Earlier research on children’s engagement with programming floor robots has mostly been through intervention studies (see for example, Muñoz et al., 2020). In our small study, we found similar overlaps between mathematics and computational thinking to those noted earlier, such as location with sequencing and decomposition (see Angeli & Valanides, 2020). However, by focusing on the children’s uncertainty, we identified problems from their perspective. As a result, we have been able to show how different understandings about Counting contributed to their possibilities and willingness to solve those problems. Although Palmér (2017) noted the importance of number understandings, she highlighted one-to-one correspondence. However, C1 and C2 both showed some understanding of the need to match each number word to each push of the Forward button. However, C2 seemed uninterested in matching the number words to the squares in her path, often counting the final square more than once even if she pointed and counted simultaneously. C2 seemed to get more enjoyment from just reciting the counting words than programming the robot, so it would stop at the chosen square. C1 on the other hand showed that she was interested in having a program that resulted in the robot arriving at the end stop appropriately. Her problem seemed to be in inserting the turn because the 8 step path that she saw now consisted of two four-step paths (with the turn in the middle). This seemed to be connected to a lack of understanding about how eight steps could be made up of smaller amounts. C2 overcame this issue by identifying a path for the robot which did not require a turn.
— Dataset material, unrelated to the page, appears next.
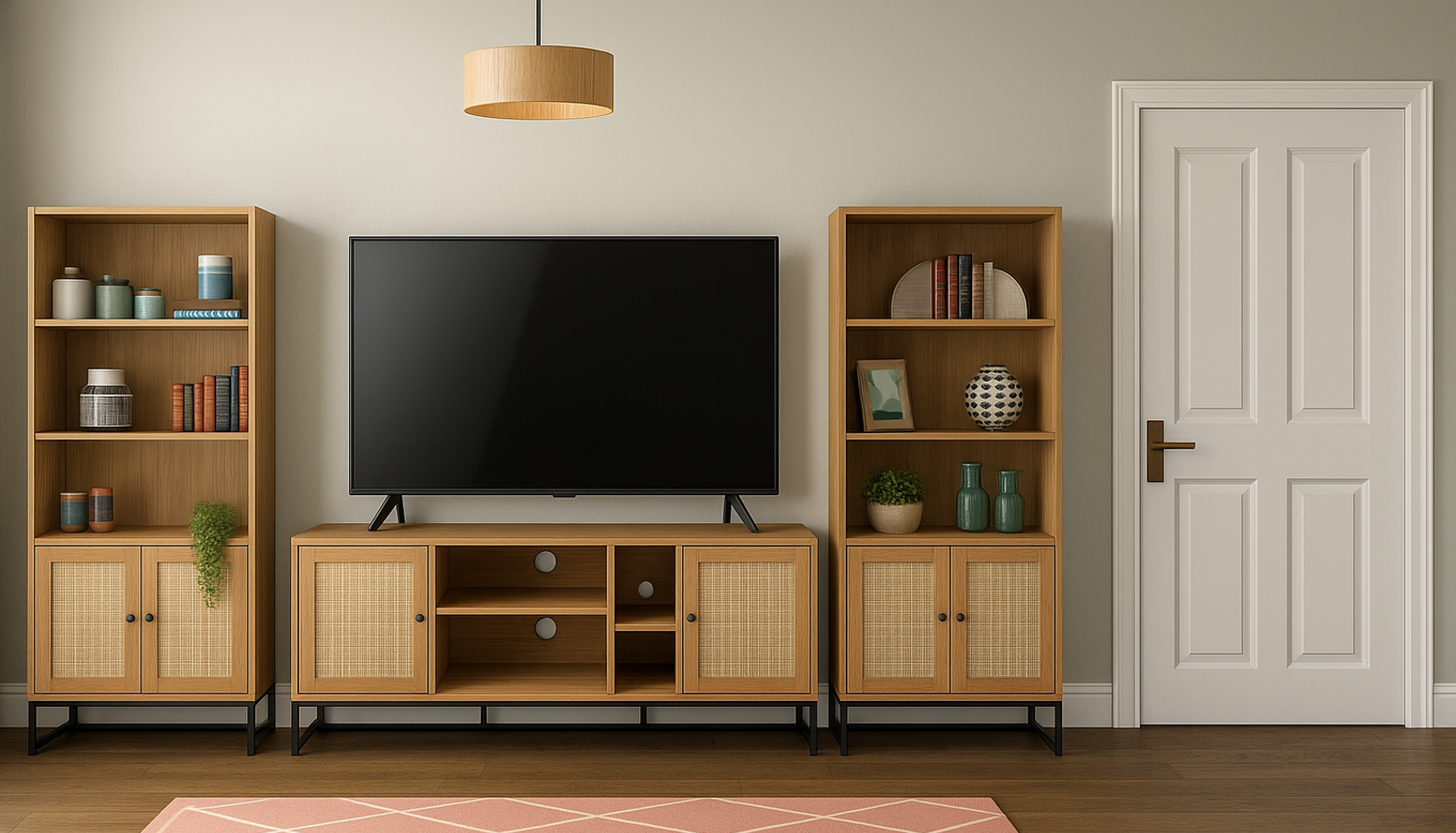 Additionally, a range of decorative items adds character, such as a ceramic vase with artificial flora, a stylish cloche table lamp, and distinctively designed bowls and jars.

Floor robots only have limited possibilities to move (forward or backward and turn left or turn right), so it was surprising to find that young children’s understandings about Counting (Helenius et al., 2016) have not been documented as contributing to their understandings about sequencing, decomposition and debugging previously. Yet, as can be seen in our two examples, if the children do not have the appropriate Counting understandings, it becomes very difficult to determine by themselves or even with the teacher’s help how to resolve the problem. Although the teacher in both episodes ensured that the problems were solved, it is unclear if either child understood how this had been achieved.